## Activity:
From the first line to the last, repeat the data exactly but leave out the pictures.

## Data provided:
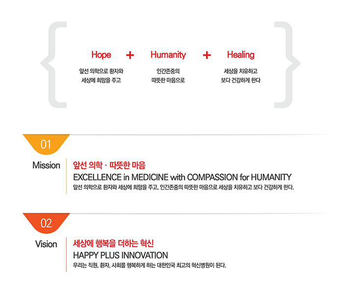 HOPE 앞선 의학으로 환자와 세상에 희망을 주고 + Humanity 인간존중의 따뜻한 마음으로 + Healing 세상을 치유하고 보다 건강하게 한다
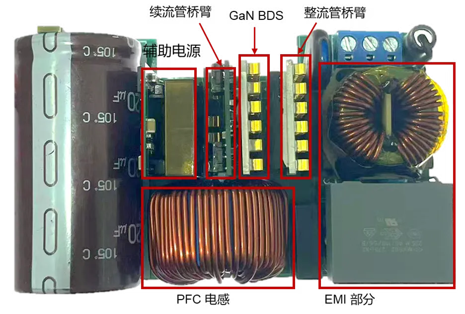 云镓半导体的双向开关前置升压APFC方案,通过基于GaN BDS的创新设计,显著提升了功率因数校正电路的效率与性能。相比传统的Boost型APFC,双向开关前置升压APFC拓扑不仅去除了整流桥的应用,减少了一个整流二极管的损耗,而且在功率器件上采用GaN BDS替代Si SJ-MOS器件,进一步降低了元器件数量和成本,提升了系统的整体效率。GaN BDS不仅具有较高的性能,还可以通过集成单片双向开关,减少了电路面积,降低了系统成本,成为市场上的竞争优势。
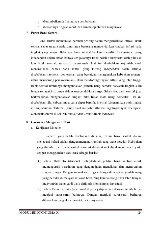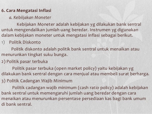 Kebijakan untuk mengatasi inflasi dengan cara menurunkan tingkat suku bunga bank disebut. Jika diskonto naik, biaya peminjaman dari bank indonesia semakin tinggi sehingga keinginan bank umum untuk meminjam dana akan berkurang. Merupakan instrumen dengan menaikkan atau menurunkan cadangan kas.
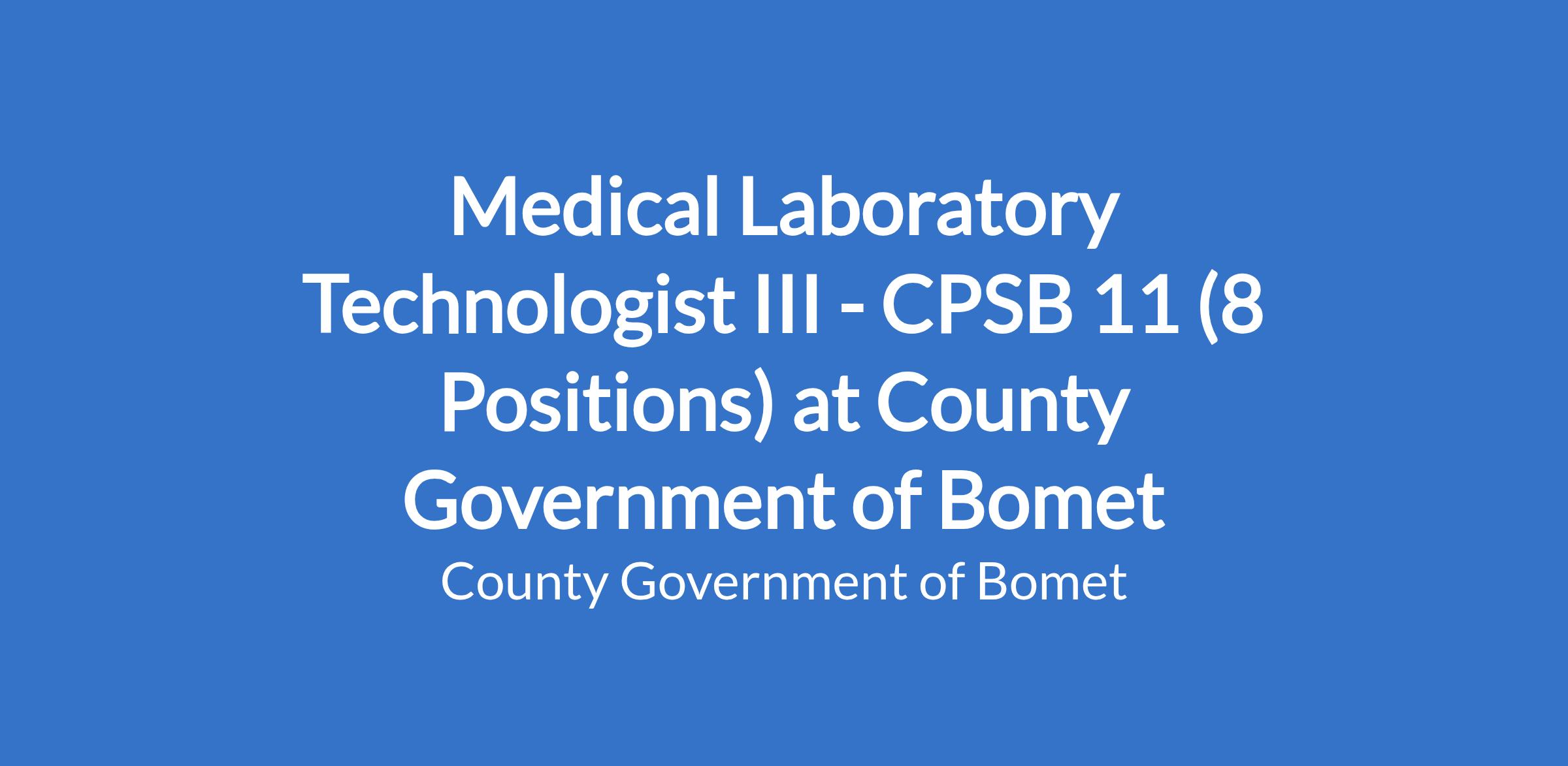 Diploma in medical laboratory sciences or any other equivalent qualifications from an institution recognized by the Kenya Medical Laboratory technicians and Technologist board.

## Exercise result:
 HOPE 앞선 의학으로 환자와 세상에 희망을 주고 + Humanity 인간존중의 따뜻한 마음으로 + Healing 세상을 치유하고 보다 건강하게 한다
 云镓半导体的双向开关前置升压APFC方案,通过基于GaN BDS的创新设计,显著提升了功率因数校正电路的效率与性能。相比传统的Boost型APFC,双向开关前置升压APFC拓扑不仅去除了整流桥的应用,减少了一个整流二极管的损耗,而且在功率器件上采用GaN BDS替代Si SJ-MOS器件,进一步降低了元器件数量和成本,提升了系统的整体效率。GaN BDS不仅具有较高的性能,还可以通过集成单片双向开关,减少了电路面积,降低了系统成本,成为市场上的竞争优势。
 Kebijakan untuk mengatasi inflasi dengan cara menurunkan tingkat suku bunga bank disebut. Jika diskonto naik, biaya peminjaman dari bank indonesia semakin tinggi sehingga keinginan bank umum untuk meminjam dana akan berkurang. Merupakan instrumen dengan menaikkan atau menurunkan cadangan kas.
 Diploma in medical laboratory sciences or any other equivalent qualifications from an institution recognized by the Kenya Medical Laboratory technicians and Technologist board.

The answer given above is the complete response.